"""
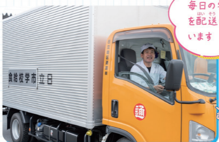
毎日の学校給食を配送・回収しています

みんなにとって身近な、学校給食の配送も行っています。専用の2トントラックを使って給食センターから、日立市内の小・中学校へ学校給食を安全に配送し、回収しています。
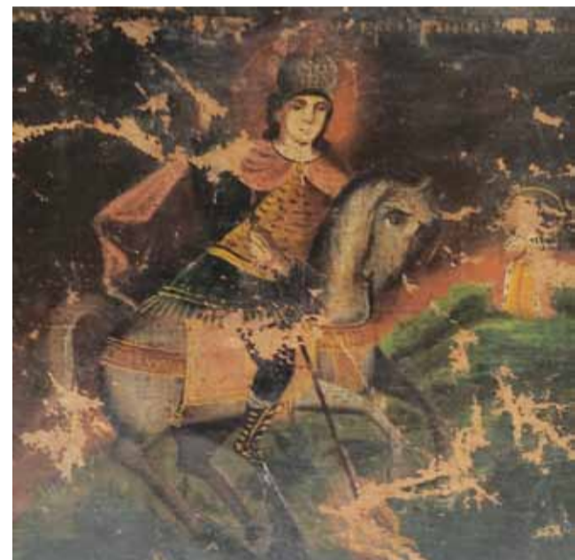
Чудо Георгия о змие. XIX в. Икона. Музей Благовещенского собора

но и предоставлять возможность для их изучения. Пусть даже простые туристы будут иметь возможность увидеть эти произведения, восхититься ими и приобщиться к подлинной культуре. Если эти уникальные произведения будут широко известны, их нельзя будет свободно продать, а значит потенциальные грабители потеряют к ним интерес. Но пока
"""
# EXERCISE BRIEF
In the material above, find the lines that contain "回収しています" and show them.

# ANSWER SPACE
毎日の学校給食を配送・回収しています
みんなにとって身近な、学校給食の配送も行っています。専用の2トントラックを使って給食センターから、日立市内の小・中学校へ学校給食を安全に配送し、回収しています。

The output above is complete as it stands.